Items from a dataset:

[Start of section]

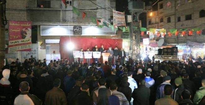وانطلقت التظاهرة من أمام مسجد الخلفاء الراشدين بمخيم جباليا شمال قطاع غزة وجابت شوارع المخيم، وهتف المشاركون بعبارات تندد بقرار الاحتلال القاضي بتهجير سكان قرية أم الحيران وتحيي صمود الأهالي.
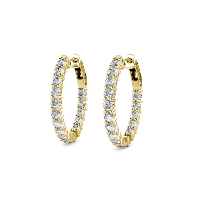 Round Natural Diamond 0.64 ctw Four Prong Inside Outside Women Eternity Hoop Earrings 14K Yellow Gold More Details ...
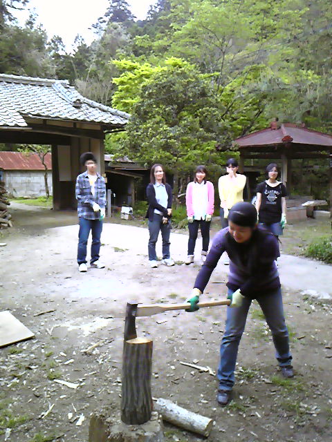 力強い女子(親子どん初参加、座員のチャミ)はまきを割っている。
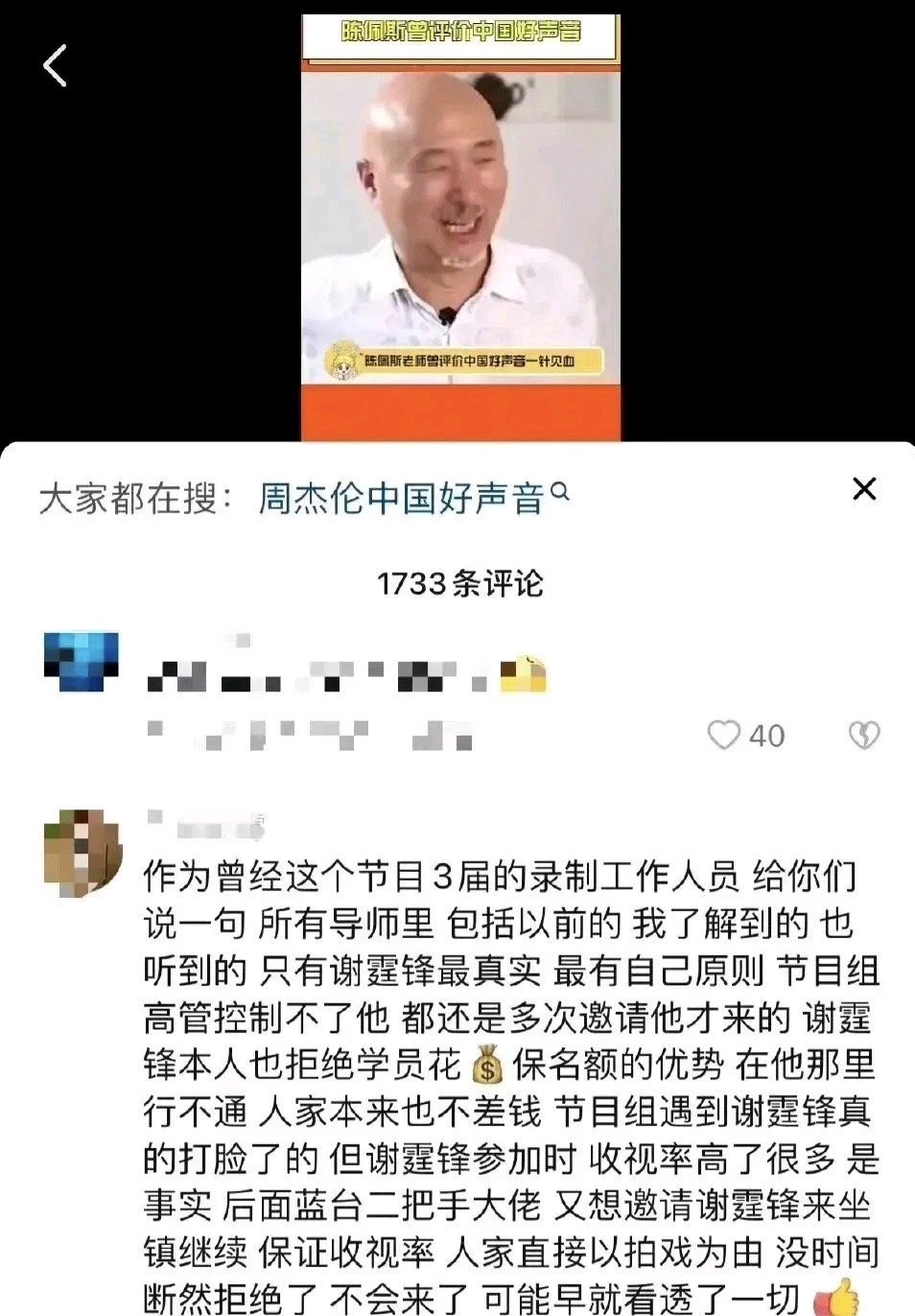 由於爆料人士無法提供實質證據,因此大部分的人對於「買冠軍」的真實性仍抱持著懷疑的態度,甚至質疑此舉只是為了炒作。此外,還有自稱參與過節目3季錄製的工作人員表示,眾多導師當中,「只有謝霆鋒最真實、最有自己原則」,就連節目組的人都控制不了他,當時還是邀請了很多次才成功邀約,即時決定來上節目,「謝霆鋒本人也拒絕學員花錢保名額的優勢」。眼見謝霆鋒加入節目後收視率上漲,原本想邀請他繼續參與,但最後卻以拍戲為由拒絕。
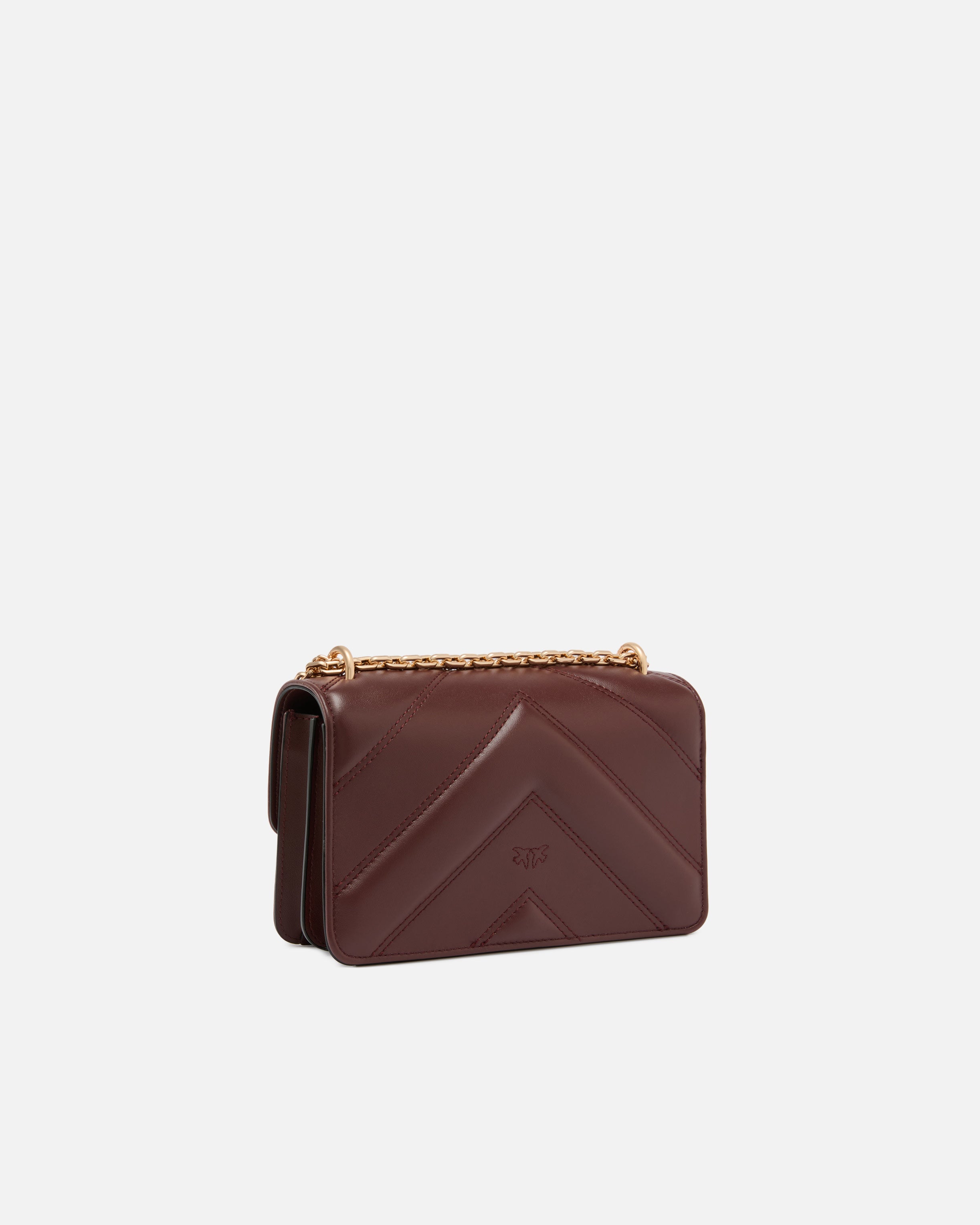 The Mini Love Bag One small handbag features a chevron design that alternates between soft, silky leather inserts and nappa leather inserts, creating a slightly puffy, quilted effect. The style features a magnetic button fastening complemented by the iconic Love Birds Diamond Cut buckle, and is enhanced with a shoulder strap combining a coordinated leather pad and triple chain: one with a rounded wire, one with rectangular links, and one with small round links, creating a final effect that fully reflects the brand’s creative flair. The interior, lined in cotton drill, features a zipped centre pocket that divides the bag into two compartments. Activate your PINKO bag: verify the authenticity of your product and access a personalised experience by scanning the Love Birds embroidery on the back of the bag with your smartphone! - LOVE ONE MINI TRIPLE CHAIN
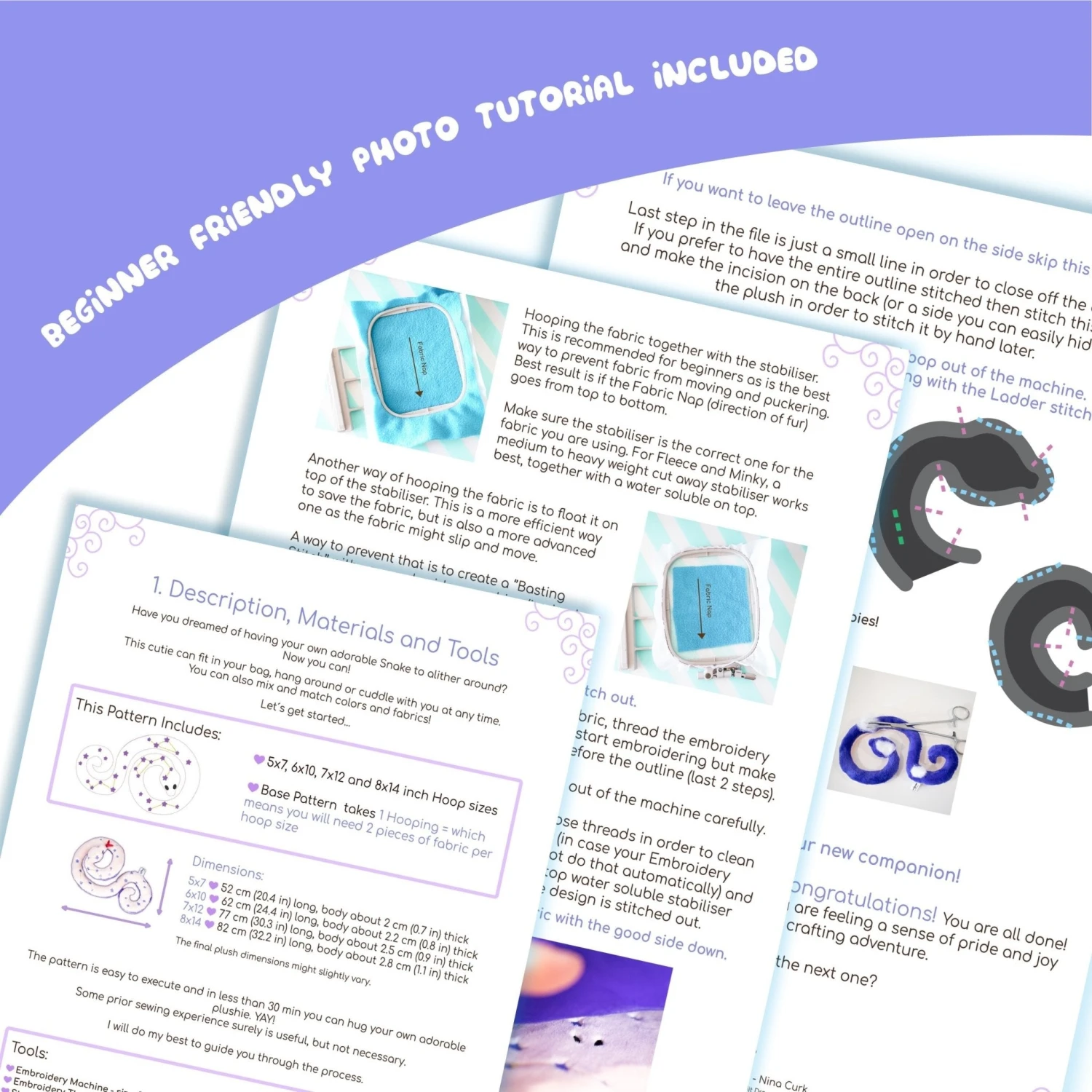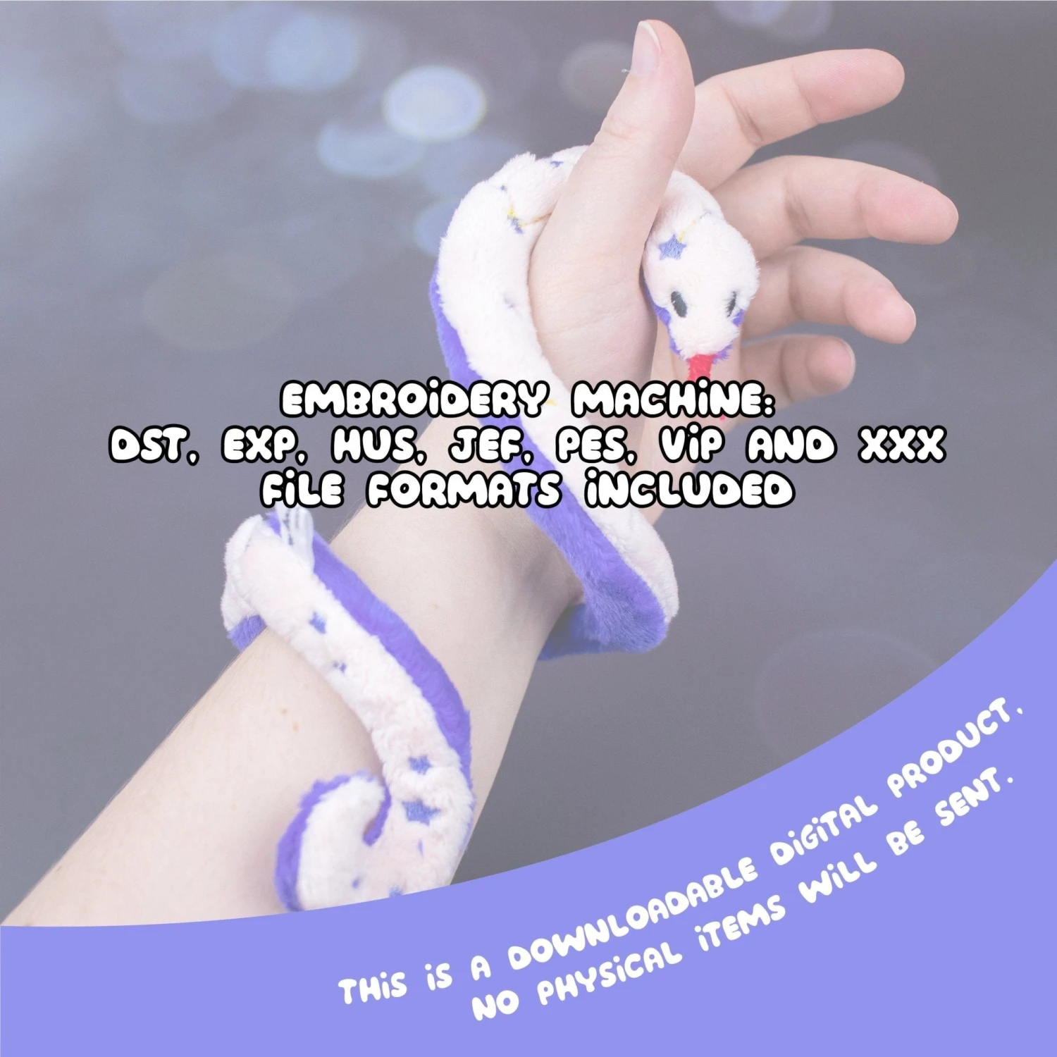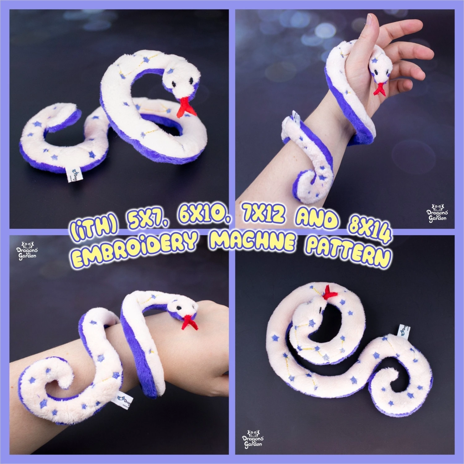 Incredibly Cute Snake plushie with stars Pattern, In the Hoop Embroidery Machine Pattern, based on Dragons’ Garden Original design. 🐍💜
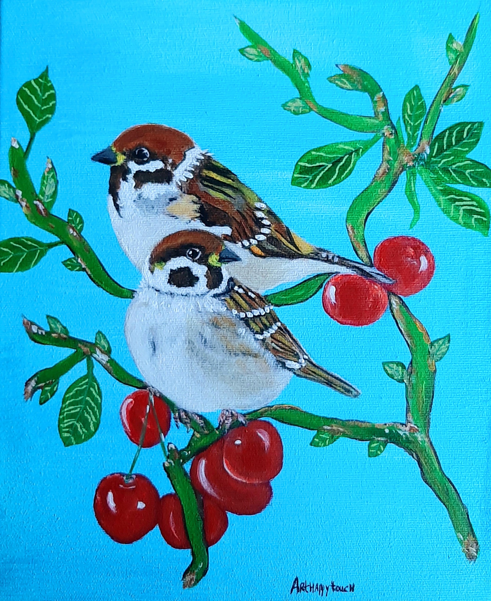 Mooi schilderij 2 mussen op een kersentak op een blauwe achtergrond in acryl
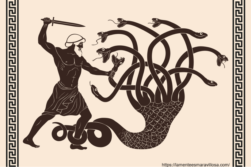Herkules muss die Hydra als das ganze Ungeheuer erkennen und nicht als eine Bestie mit neun verschiedenen Köpfen. Solange er versuchte die Köpfe, einen nach dem anderen abzutrennen, hatte er keinen Erfolg. Erst als er mit ihr als einer Einheit verfuhr, errang er über sie den Sieg.
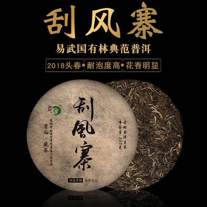 霄灿茶叶 普洱茶生茶刮风寨易武普洱茶生茶饼357g/片 买了开心一辈子的茶
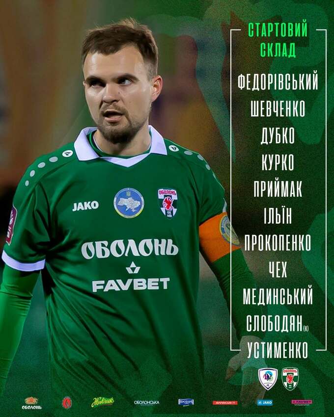 Оболонь: Федорівський, Шевченко, Дубко, Курко, Приймак, Ільїн, Прокопенко, Чех, Мединський, Слободян, Устименко
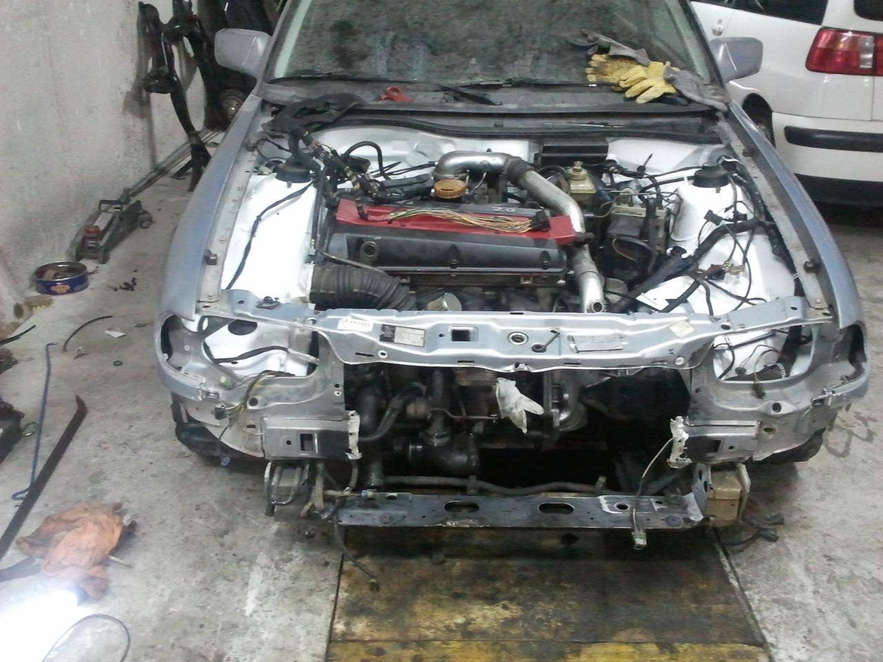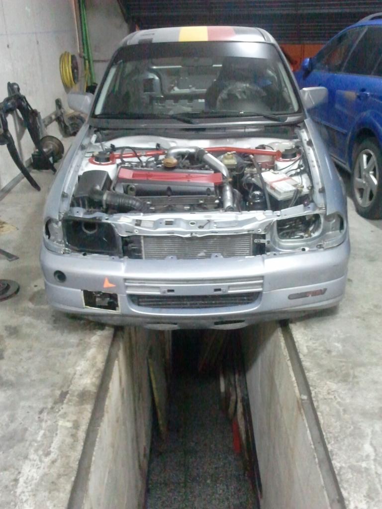 montado motor, con caja cambios opel f16 (podia haber montado la f20, pero preferi montar la f16 por ser mas corta) embrague opel, maza embrague saab, palieres saab,

[End of section]

== WHAT TO WORK ON ==
With pictures removed, write out exactly each line of the entries from the first through the line that holds "Mooi schilderij 2".

== TASK OUTPUT ==
وانطلقت التظاهرة من أمام مسجد الخلفاء الراشدين بمخيم جباليا شمال قطاع غزة وجابت شوارع المخيم، وهتف المشاركون بعبارات تندد بقرار الاحتلال القاضي بتهجير سكان قرية أم الحيران وتحيي صمود الأهالي.
 Round Natural Diamond 0.64 ctw Four Prong Inside Outside Women Eternity Hoop Earrings 14K Yellow Gold More Details ...
 力強い女子(親子どん初参加、座員のチャミ)はまきを割っている。
 由於爆料人士無法提供實質證據,因此大部分的人對於「買冠軍」的真實性仍抱持著懷疑的態度,甚至質疑此舉只是為了炒作。此外,還有自稱參與過節目3季錄製的工作人員表示,眾多導師當中,「只有謝霆鋒最真實、最有自己原則」,就連節目組的人都控制不了他,當時還是邀請了很多次才成功邀約,即時決定來上節目,「謝霆鋒本人也拒絕學員花錢保名額的優勢」。眼見謝霆鋒加入節目後收視率上漲,原本想邀請他繼續參與,但最後卻以拍戲為由拒絕。
 The Mini Love Bag One small handbag features a chevron design that alternates between soft, silky leather inserts and nappa leather inserts, creating a slightly puffy, quilted effect. The style features a magnetic button fastening complemented by the iconic Love Birds Diamond Cut buckle, and is enhanced with a shoulder strap combining a coordinated leather pad and triple chain: one with a rounded wire, one with rectangular links, and one with small round links, creating a final effect that fully reflects the brand’s creative flair. The interior, lined in cotton drill, features a zipped centre pocket that divides the bag into two compartments. Activate your PINKO bag: verify the authenticity of your product and access a personalised experience by scanning the Love Birds embroidery on the back of the bag with your smartphone! - LOVE ONE MINI TRIPLE CHAIN
 Incredibly Cute Snake plushie with stars Pattern, In the Hoop Embroidery Machine Pattern, based on Dragons’ Garden Original design. 🐍💜
 Mooi schilderij 2 mussen op een kersentak op een blauwe achtergrond in acryl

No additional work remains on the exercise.